MINOT, N.D. (AP) - A Minot health care provider says claims by a nursing home that it’s responsible for dozens of residents contracting hepatitis C last year are untrue.
A lawsuit was filed last week by the Ohio-based owner of ManorCare Health Services that alleges Trinity Health, which handles some services for ManorCare, is at fault for the disease outbreak discovered last year in Minot.
Forty-six people were infected with the virus that can cause serious liver damage and even death. All but one of them had spent time at the ManorCare Health Services nursing home.
Trinity said in a statement Tuesday that the complaint against it “contains untrue allegations,” and that the company has “demonstrated safe and effective infection prevention.”
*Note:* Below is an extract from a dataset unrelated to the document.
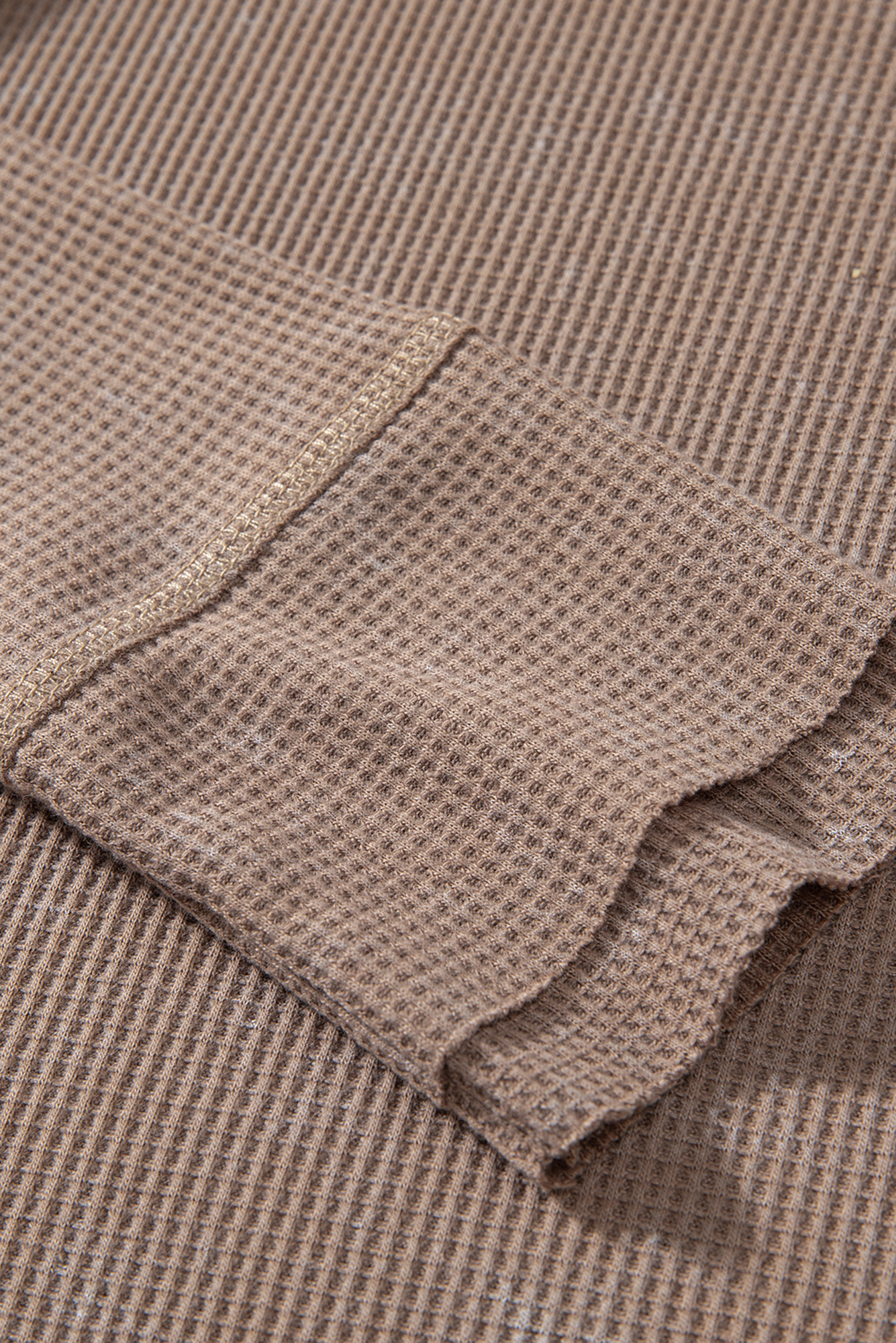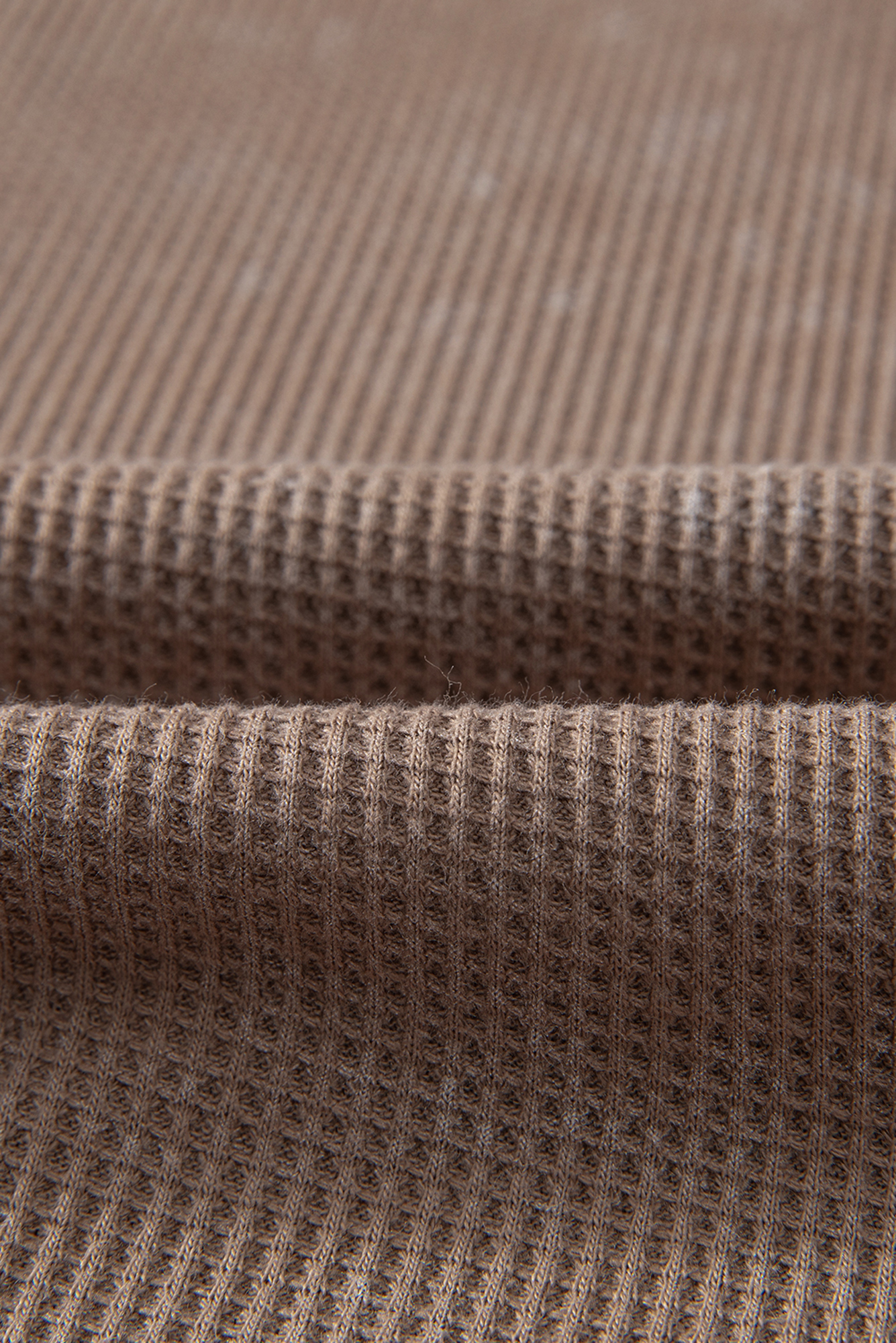 Meet Zahra Waffle Knit Neckline Long Sleeve Top—effortless, flattering, and easy to style for everyday life. This acid wash top provides a trendy and edgy look. Cozy waffle knit material for comfort and style. Buttoned neckline adds a touch of detail and versatility. Long sleeves for added warmth and a classic silhouette. long sleeve tops feature captivating patterns and textures. Material: 65%Polyester+35%Cotton.
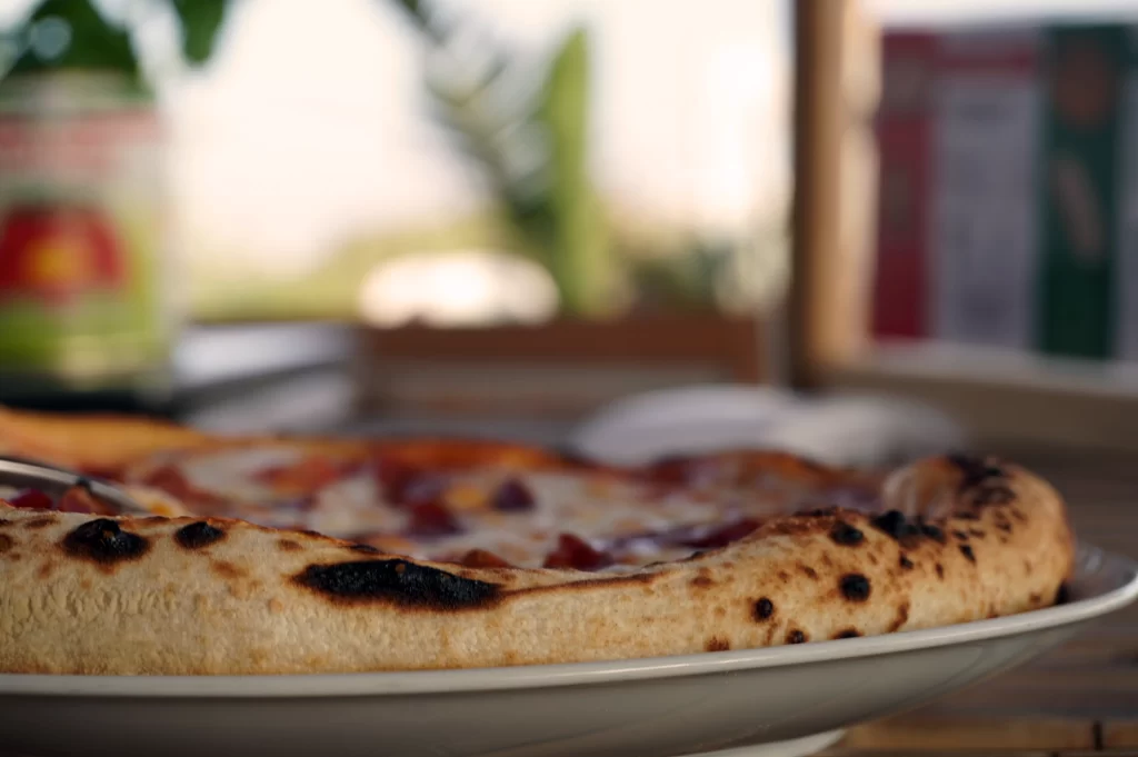 Pão Caseiro, Cebola Roxa, Tomate, Pimentos, Azeitonas, Mozzarella, Orégãos, Flor de Sal, Rúcula, Tomate Cherry, Vinagrete e Redução Baslâmica;

“Unfortunately, at the initial stage of a lawsuit, a plaintiff such as ManorCare has license to make allegations without grounding such allegations in known facts, or even the known science about the transmission of Hepatitis C,” the statements said.
ManorCare’s lawsuit, which the owner of the nursing home filed in federal court last week, alleges that one Trinity Health employee is responsible for the spread of the disease that was first reported in August 2013, according to KXMC-TV in Minot. It says Trinity should have been aware of “serious longstanding problems” with the employee’s phlebotomy, or blood service, practices.
On April 2, two nursing home residents filed a lawsuit against ManorCare, claiming it was at fault for the outbreak.
Hepatitis C, caused by a virus that results in an infection of the liver, is primarily transmitted by blood-to-blood contact. Some people who get it recover, but most carry the virus in their blood for the course of their lifetime and can develop chronic infection.
Trinity said it will also legally respond to ManorCare’s allegations.